Some examples of AI hallucinations
- In February 2023, Gemini, which is Google's chatbot, generated an incorrect claim about the James Webb Space Telescope (JWST) when a user prompted Gemini, "What new discoveries from the James Webb Space Telescope can I tell my 9-year-old about?" It replies that JWST took the very first picture of an Exoplanet outside Earth's Solar System. The information was completely false because the real answer to that is the European Southern Observatory's Very Large Telescope (VLT), which took such a photo in 2004.
- In late 2022, Meta's open-source LLM, Galactica, did the same thing; it generated inaccurate and biased results. Galactic was trained on millions of pieces of scientific information from textbooks, papers, encyclopedias, websites, and even lecture notes, but failed to summarize a New York University professor's research work. People criticise Galactica a lot on this and raised a serious question about the implications of AI models used by anyone who doesn't have much information about any topic, as they rely on the chatbot for support.
- Another example is ChatGPT, one of the most famous chatbots in the world. It also shows symptoms of AI hallucinations in June 2023. Because of AI hallucinations, it makes malicious and potentially libelous statements about a Georgia-based radio host. In February 2024, it again showed symptoms where it tends to switch languages and showed looped results.
Detect any AI Hallucinations
Knowing about AI hallucinations is not enough; a user must understand how to detect whether the AI is hallucinating or not. See, AIs are LLMs that have been trained to answer all your prompts, depending on evaluating their complexity and generating the outcomes by pattern recognition.

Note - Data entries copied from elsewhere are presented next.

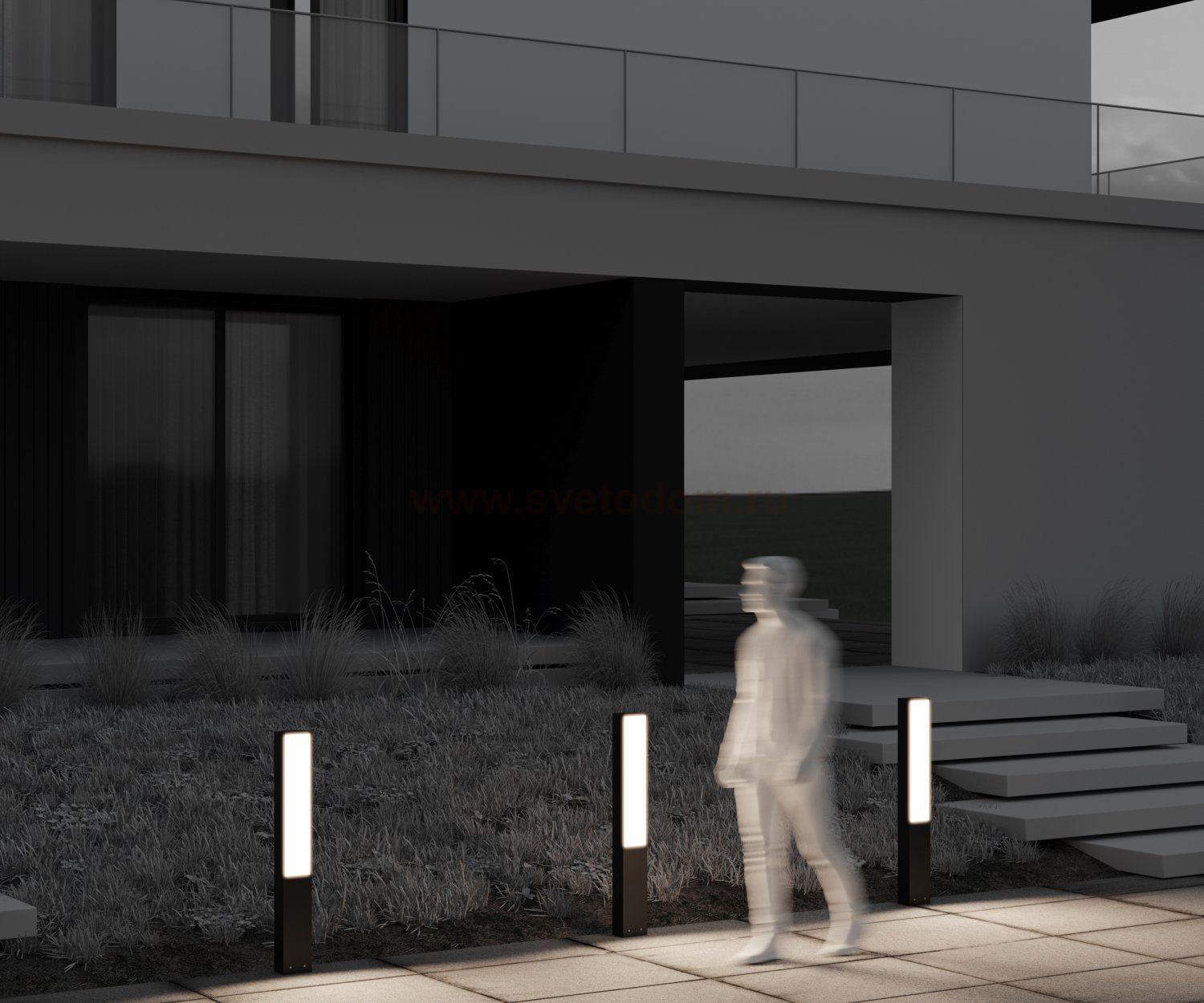 Материал арматуры — алюминий, цвет — графит. Рассеиватель из белого матового акрила — мягко рассеивает свет. Два размера — 1000 мм и 2500 мм. Мощность 20Вт и 40Вт для высокого светильника. LED-источник света. Цветовая температура 3000К. Защита корпуса от пыли и влаги — IP65. Подходят для основного освещения экстерьера.
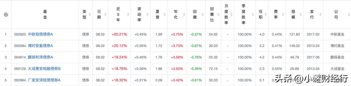 筛选条件四:中短债、上市至少三年、最大回撤小于2%、规模大于2亿。选出前五家公司
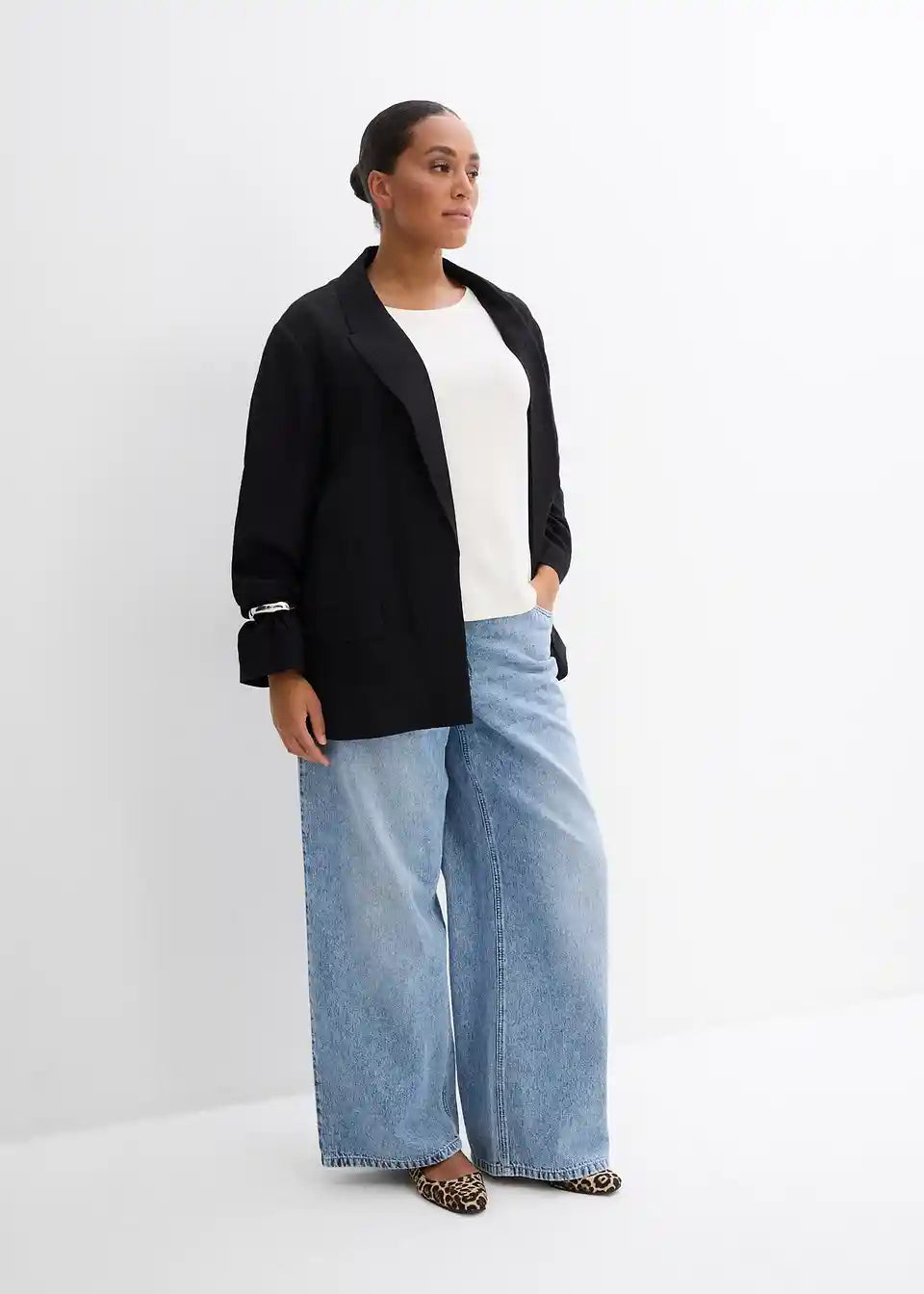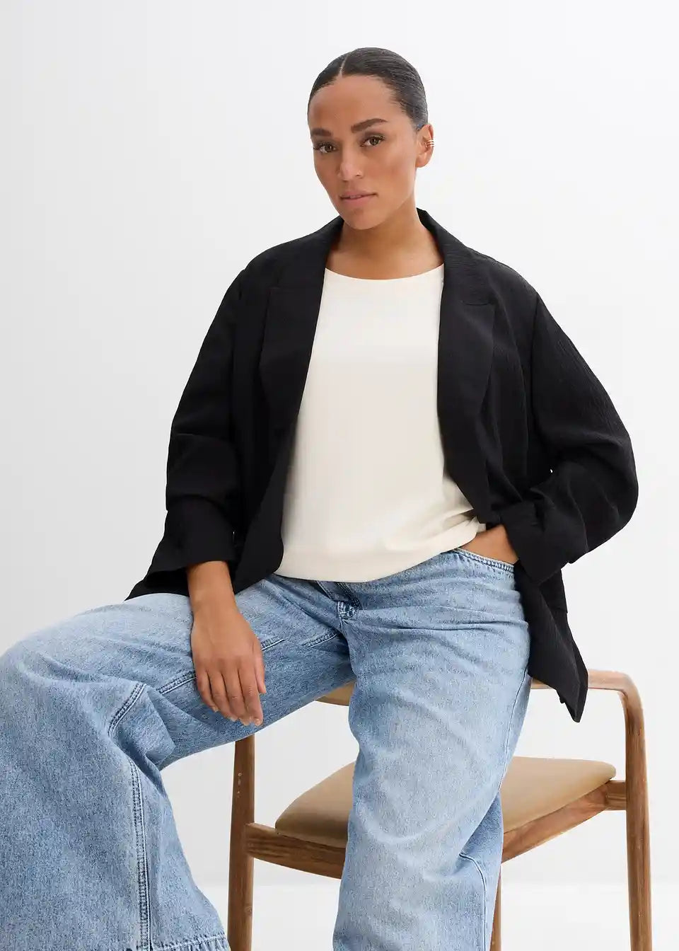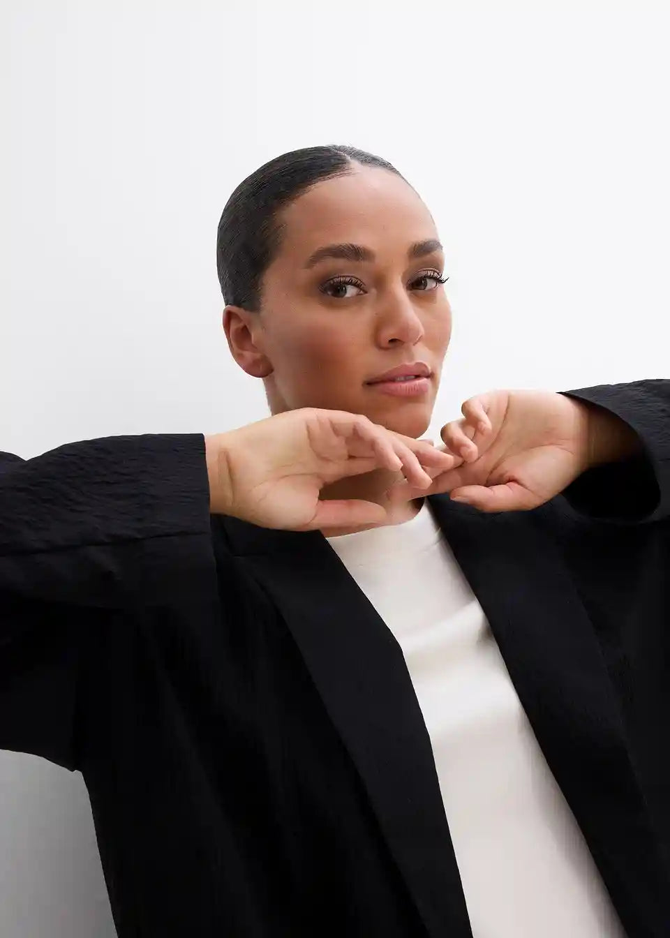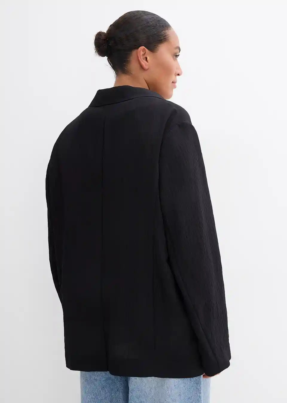 Blazer s rever ovratnikom i dugim rukavima, te prednjim džepovima s preklopom od strukturiranog crinkle materijala

Here, fact-checking can be the most basic way to detect. You can ask the model to self-check its answers to generate the probability of the correctness of the answers, or simply highlight the parts of it.
Preventing AI Hallucinations
Since you now understand the reasons for and how to detect AI hallucination, is there any way to prevent such things while interacting with AI? Well, yes, there are a number of things which you can do to minimise the occurrence of hallucinations in AI, and the easiest ones are given below.
- Use clear and specific prompts: Guide the model by using clear instructions and add additional context consisting of specific numbers, relevant data sources, etc.
- Filtering and ranking strategies: Large language models have certain parameters that users can adjust according to their needs. Changing these parameters, one can easily control the randomness of the output. Filtering the things helps minimise such randomness and helps AI to minimise hallucinations.
- Multishot prompting: Providing several examples of the desired results that a user wants. It helps the model to analyse more accurately and generate results with accuracy.
Conclusion:
AI hallucination has been one of the leading issues that users are facing these days, and companies that are serving AI tools are now researching a practical cure by training their LLMs. Hopefully, this article helped you gain knowledge about AI Hallucinations and will be attentive towards detecting and preventing them.